* **DATA RECORDS**
▼

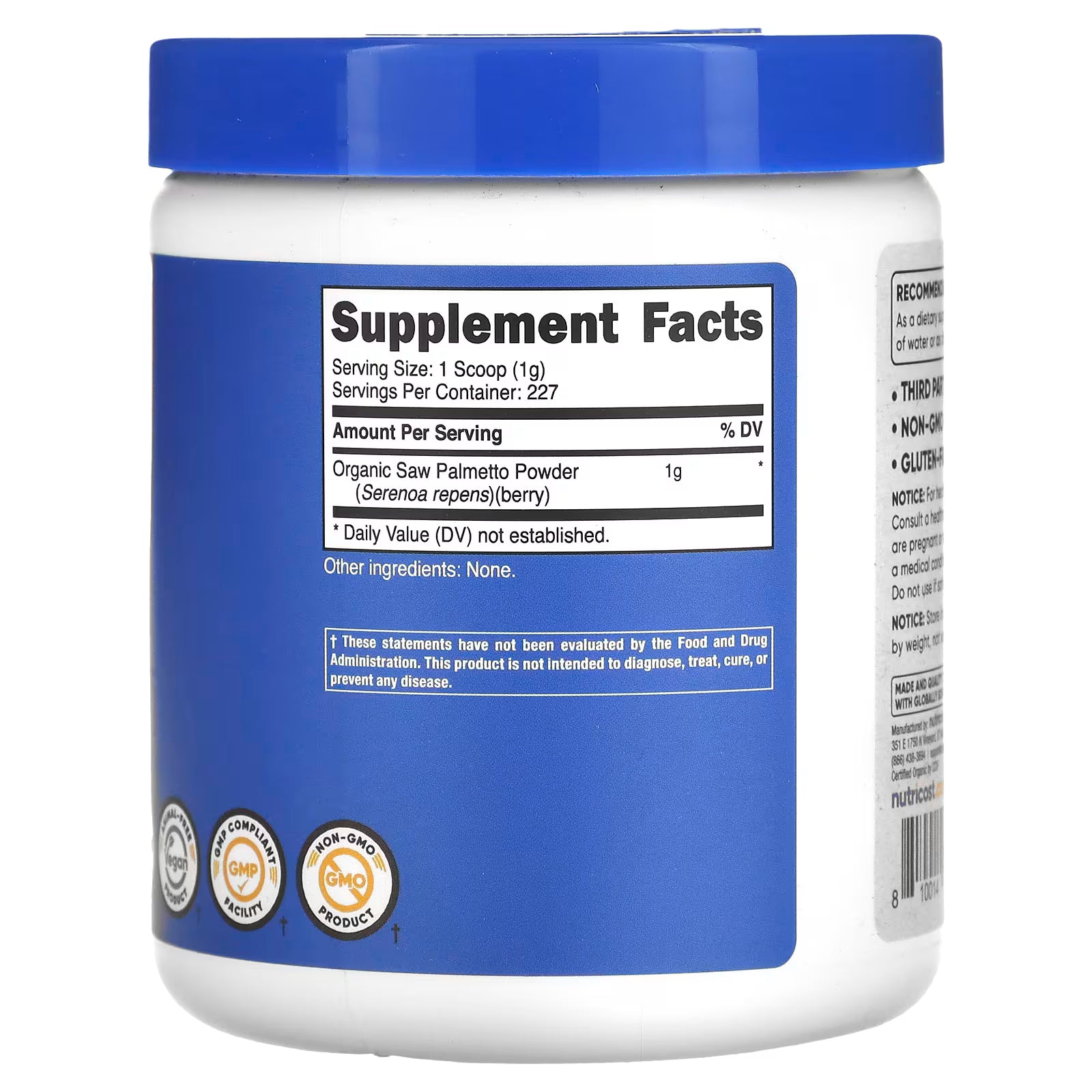 Nutricost, Organic Saw Palmetto, Unflavored, 8 oz (227 g)
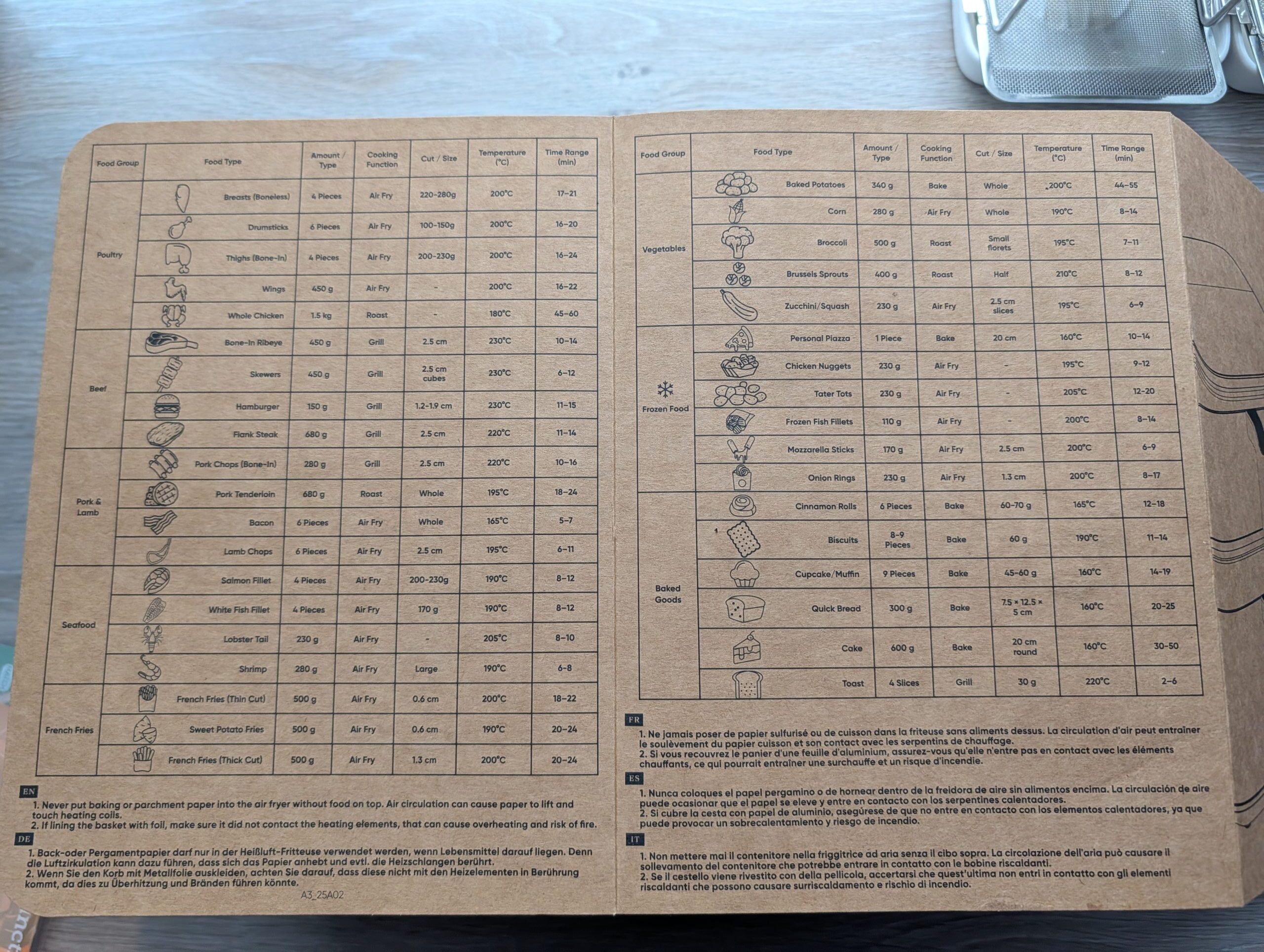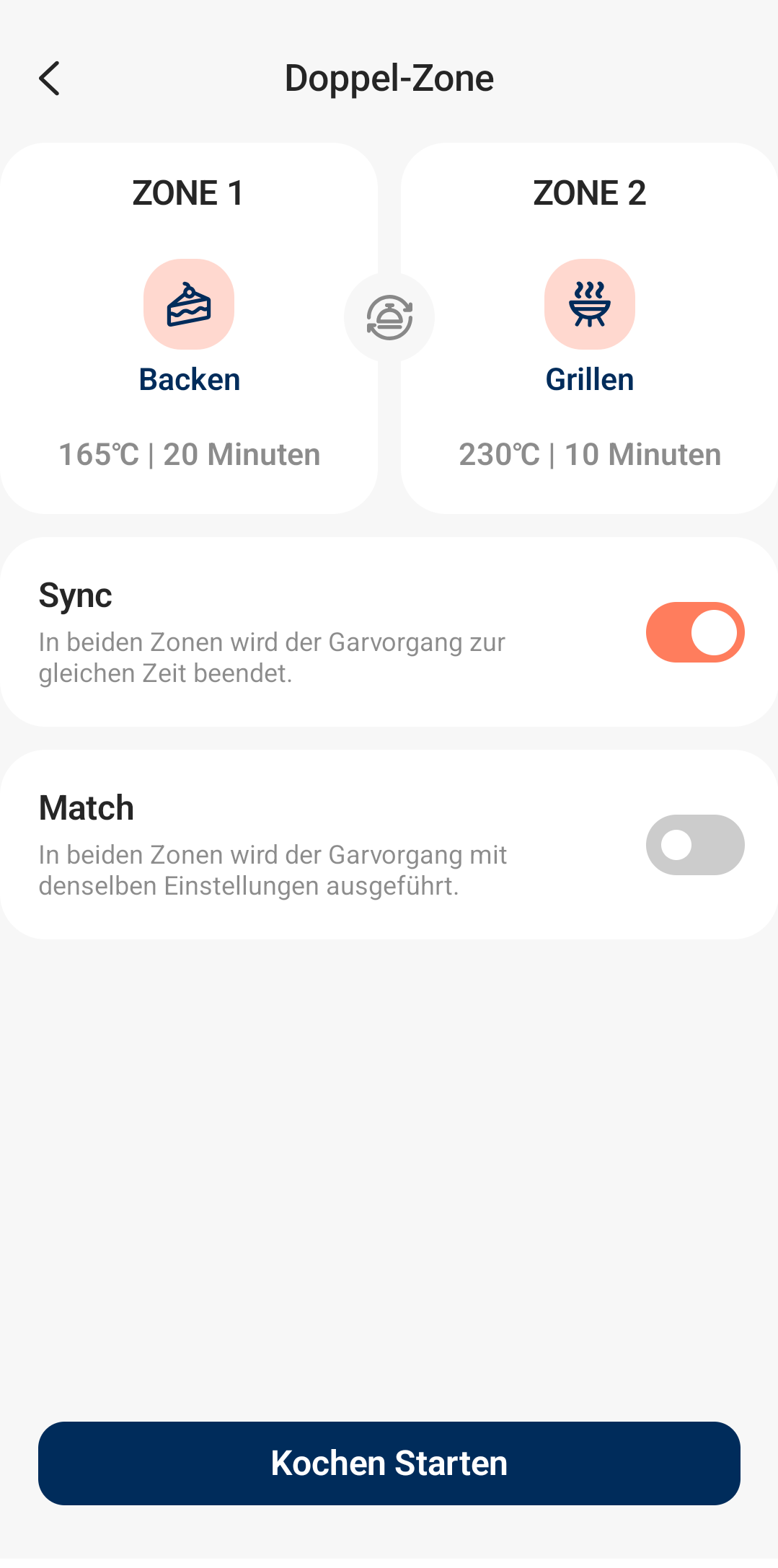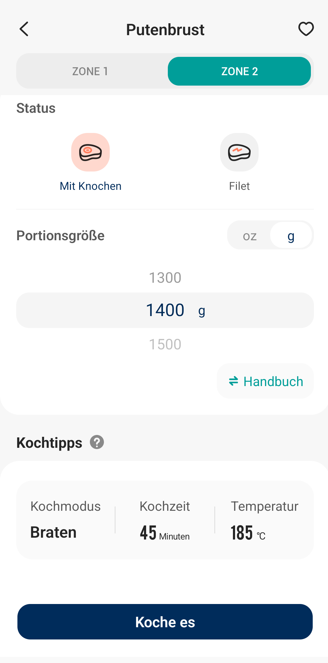 Warum ist das praktisch? Ihr könnt die Garzonen vorbereiten, alles einstellen, und wenn ein anderes Familienmitglied nach Hause kommt, muss die Zubereitung nur noch mit einem einzigen Klick gestartet werden. Wer sich unsicher ist, wie lange etwas zur Zubereitung braucht und ob Grillen oder Braten die bessere Wahl ist, nutzt die Kochtabelle und geht auf Nummer sicher.
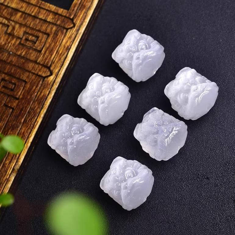 爆款猫眼醒狮头透石膏石雕刻件冰透体diy项链手链立体醒狮配饰批
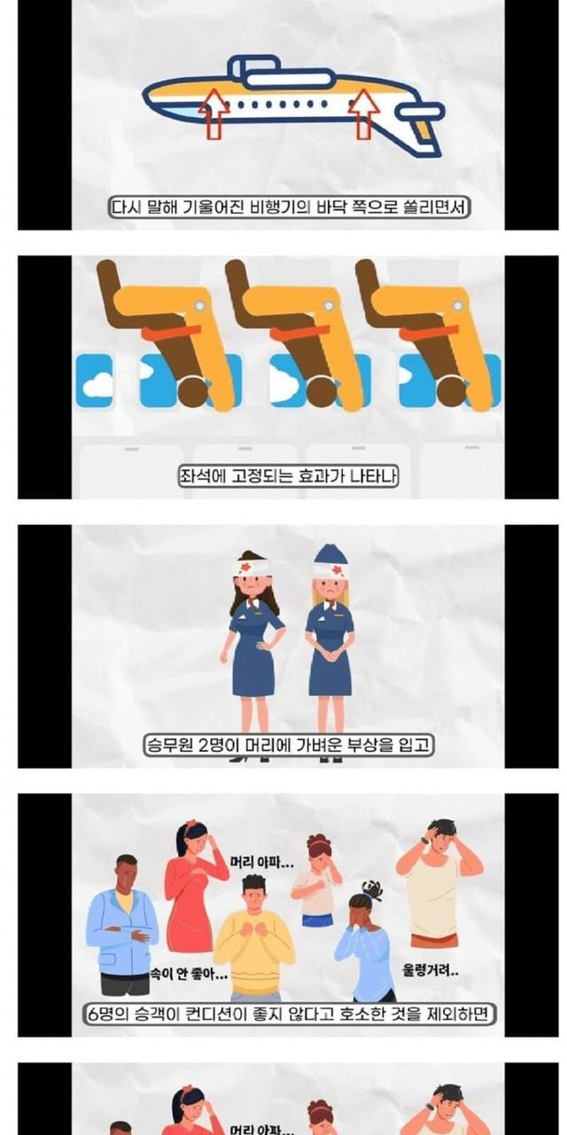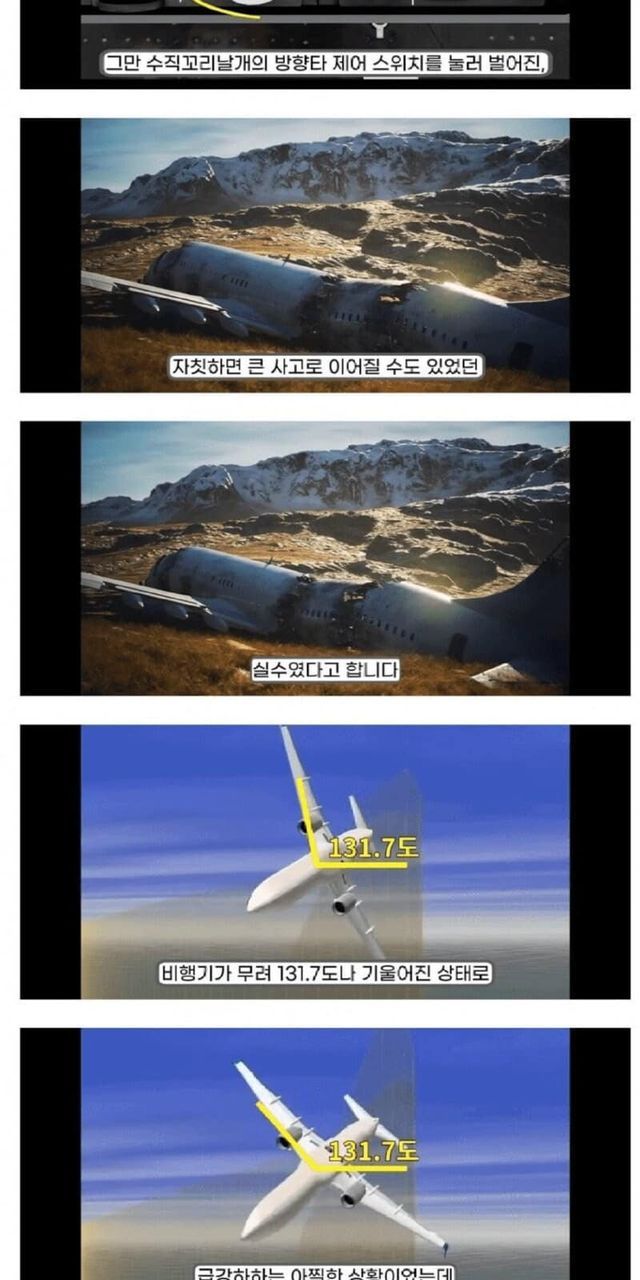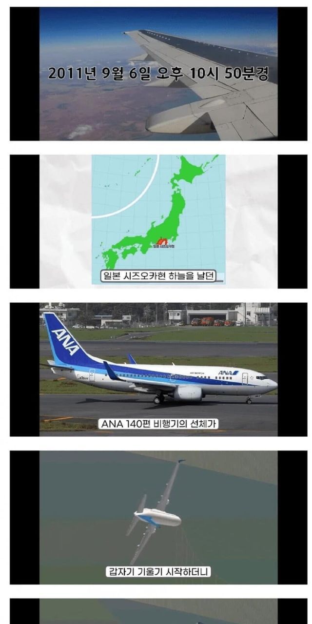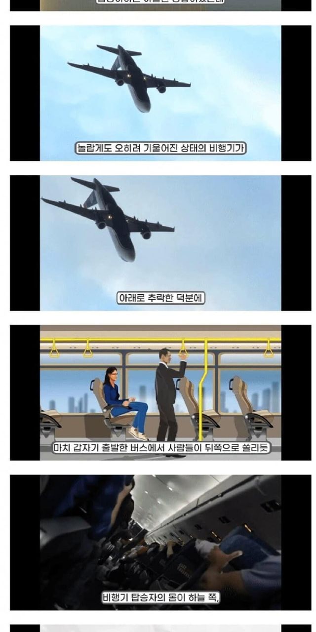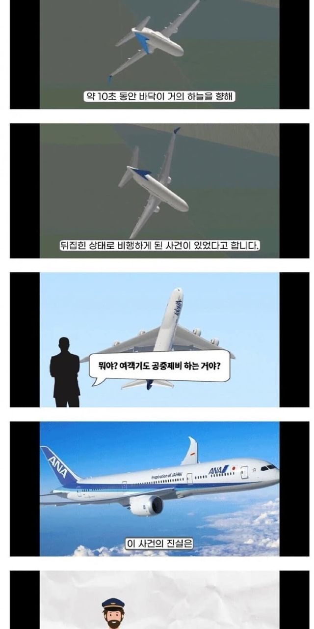 비행중 뒤집어져 곡예운전을 한 여객비행기
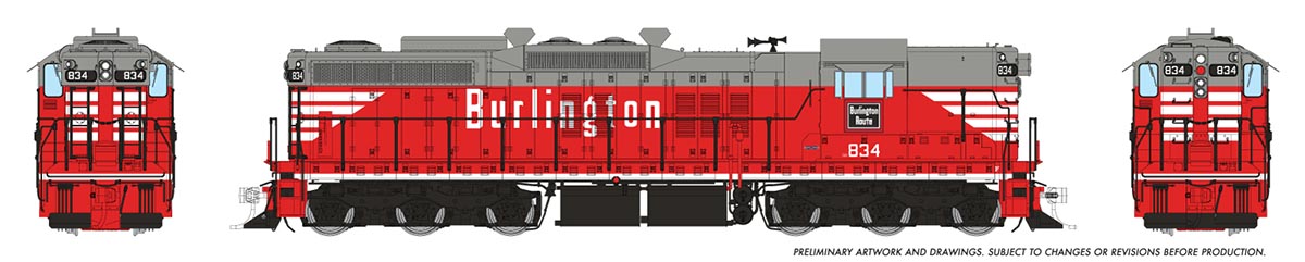 PREORDER Rapido 050623 HO EMD SD9 High Nose - ESU LokSound and DCC -- Chicago, Burlington & Quincy #834 (Chinese Red, gray, white)
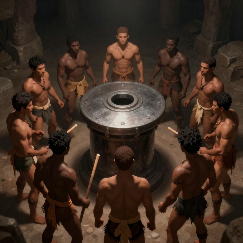 Digital illustration of a group of shirtless, muscular men with dark skin and loincloths, circling around a large, central, cylindrical machine with a metal top. The background features a dimly lit, cave-like setting with stone ures. The men hold wooden sticks, and their expressions are focused. The machine is centered, with the men forming a semi-circle around it.
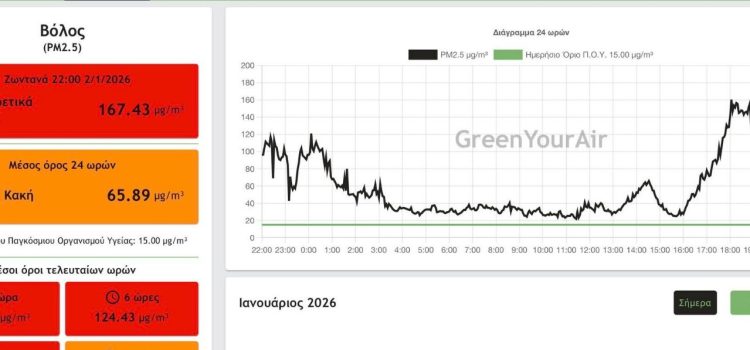 Στο «κόκκινο» βρέθηκε χθες το βράδυ η αερορύπανση στον Βόλο, σύμφωνα με τα στοιχεία που καταγράφει σε πραγματικό χρόνο το δίκτυο παρακολούθησης αέρα GreenYourAir. Όπως αναφέρεται στην ιστοσελίδα, στις 10 το βράδυ οι τιμές των αιωρούμενων μικροσωματιδίων PM2,5 έφτασαν τα...

▲

* **DESCRIPTION OF THE TASK**
In the answer, repeat exactly the lines from the top of the entries above through the line with "PREORDER Rapido 050623", and leave pictures out of it.

* **EXERCISE RESPONSE**
 Nutricost, Organic Saw Palmetto, Unflavored, 8 oz (227 g)
 Warum ist das praktisch? Ihr könnt die Garzonen vorbereiten, alles einstellen, und wenn ein anderes Familienmitglied nach Hause kommt, muss die Zubereitung nur noch mit einem einzigen Klick gestartet werden. Wer sich unsicher ist, wie lange etwas zur Zubereitung braucht und ob Grillen oder Braten die bessere Wahl ist, nutzt die Kochtabelle und geht auf Nummer sicher.
 爆款猫眼醒狮头透石膏石雕刻件冰透体diy项链手链立体醒狮配饰批
 비행중 뒤집어져 곡예운전을 한 여객비행기
 PREORDER Rapido 050623 HO EMD SD9 High Nose - ESU LokSound and DCC -- Chicago, Burlington & Quincy #834 (Chinese Red, gray, white)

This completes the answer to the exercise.